Help goat pros! I'm new to goats actually these are our first, we bought these doelings as nigerians but have had friends tell us they look more Pygmy? I've looked up all the info on differences but in all the pictures they still seem so similar, Was hoping a more trained eye could tell me what they think? Either way we love them so they're keepers


----------



## liz (Oct 5, 2007)

Are they registerable as Nigerians?
The doeling on the bottom looks to have a medium carmel pattern of a Pygmy and the first has the classic Dark grey Agouti pattern BUT I have had registered purebred Nigerians born with that same pattern/color.
If they aren't registered you can assume that they are likely a cross of pygmy/nigerian.... or as I like to call mine "Pygerians"


----------



## KW Farms (Jun 21, 2008)

These guys look more pygmy than nigerian.


----------



## fishin816 (Mar 4, 2011)

Those cuties are most definetly pygmies.

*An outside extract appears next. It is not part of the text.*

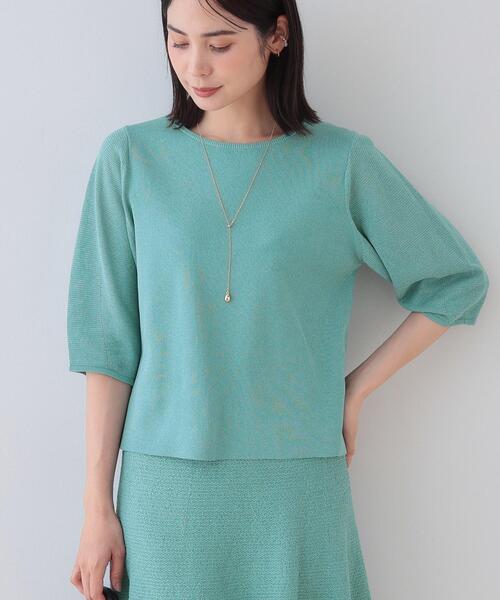 【デザインポイント】大人が上品に着られる和紙混のプルオーバーニット。身頃は総針組織で、袖はガーター組織で編み地を変えることで、袖にややシアー感が出て清涼感が出ます。身頃はスッキリしたサイズ感に対し、袖は二の腕に優しく沿う甘すぎないバルーンデザインの5分袖。さらっとした着心地がシンプルなニットを大人上品な印象に仕上げます。【スタイリングポイント】同素材のスカート(127-72453)とのコーディネートがおすすめです。その他、ワイドパンツなどとも好相性です。【素材ポイント】和紙を用いることで、リネンのような風合いとスッキリとしたドライタッチが特徴の素材です。和紙ならではの表情感が表面感、立体感を与えます。※照明の関係により、実際よりも色味が違って見える場合があります。また、パソコン・スマートフォンなどの環境により、若干製品と画像のカラーが異なる場合もございます。【生地詳細】透け感:ややあり伸縮性:ややあり生地の厚み:普通裏地:なし洗濯方法:手洗い可オフ率50%以上モデル情報:身長167cm B79 W59 H87 着用サイズ:38(M)店舗へのお問い合わせ商品番号:127-12453●製品寸法:05(XXS):着丈52cm B86cm 袖丈33cm 肩幅33cm13(LL):着丈57cm B100cm 袖丈36cm 肩幅37cm15(3L):着丈58cm B106cm 袖丈37cm 肩幅38cm19(5L):着丈60cm B114cm 袖丈38cm 肩幅39cm34(S):着丈55cm B92cm 袖丈36cm 肩幅35cm38(M):着丈56cm B96cm 袖丈36cm 肩幅36cm備考:
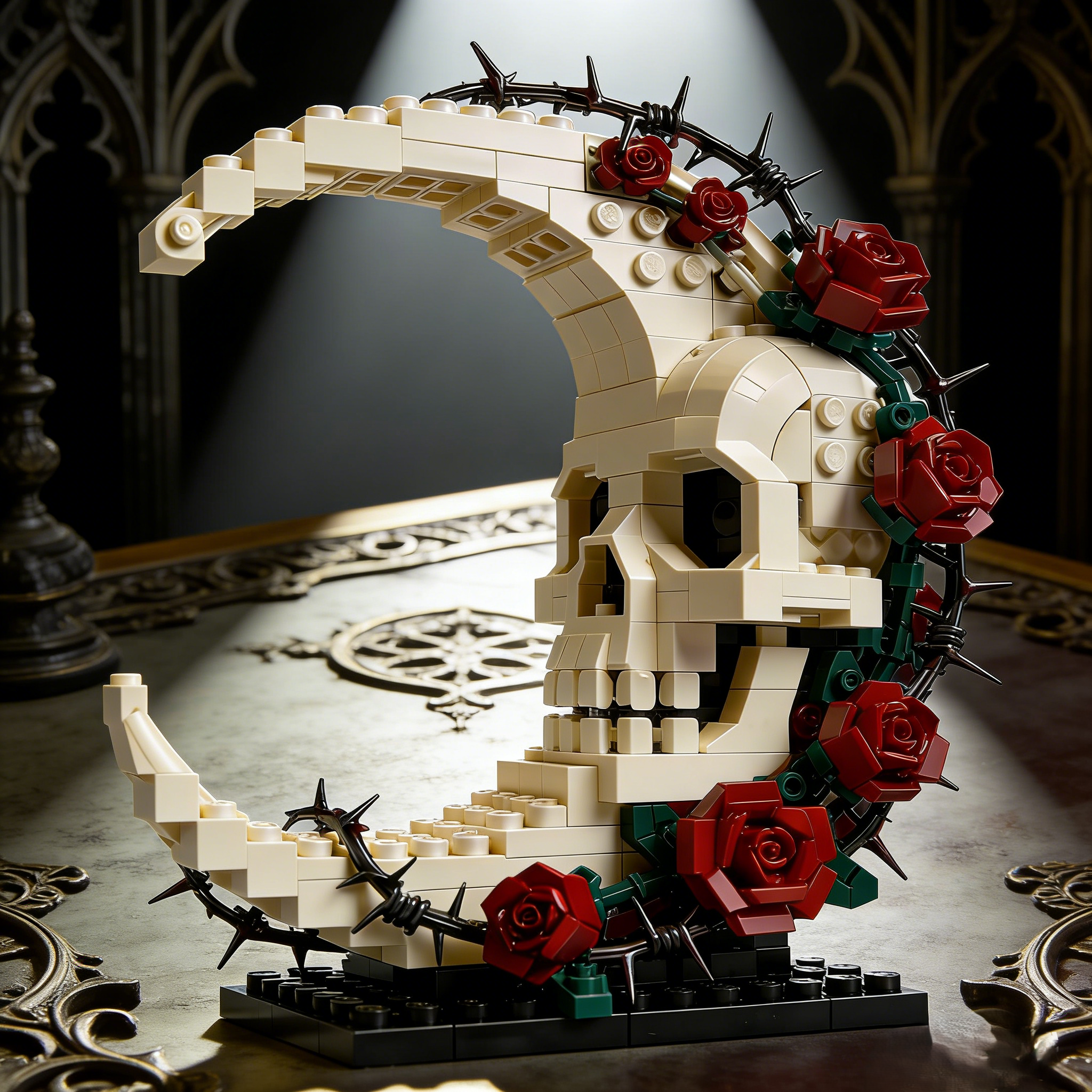 a skull shaped by time, cradled by a crescent moon, wrapped in thorns and blooming roses.

I really see no nigie in them at all. 


Sent from my iPad using Goat Forum


----------



## happybleats (Sep 12, 2010)

here is a great web link to show the difference in the breed : ) 
http://calicopatchfarmblog.blogspot.com/2011/03/pygmy-goats-vs-nigerian-dwarf-goats.html


----------



## nanny4 (Mar 19, 2014)

Thank you guys  I'm thinking my kids are a mix, or at least have some nigerian in them somewhere the sis I couldn't get a pic of has blue eyes, I've read this is only a Nigerian trait not in Pygmys? Either way they are just backyard pets that we may try and get a little milk from  thank y'all for the input!


----------



## fishin816 (Mar 4, 2011)

nanny4 said:


> Thank you guys  I'm thinking my kids are a mix, or at least have some nigerian in them somewhere the sis I couldn't get a pic of has blue eyes, I've read this is only a Nigerian trait not in Pygmys? Either way they are just backyard pets that we may try and get a little milk from  thank y'all for the input!


Yes that is only with nigies. But they can have blue eyes if crossed with a pygmy 

Sent from my iPad using Goat Forum


----------



## happybleats (Sep 12, 2010)

They are beautiful just a same!!!


----------



## 4seasonsfarm (Jan 22, 2014)

They look like pygmies but may be a cross between both. 


Sent from my iPod touch using Goat Forum


----------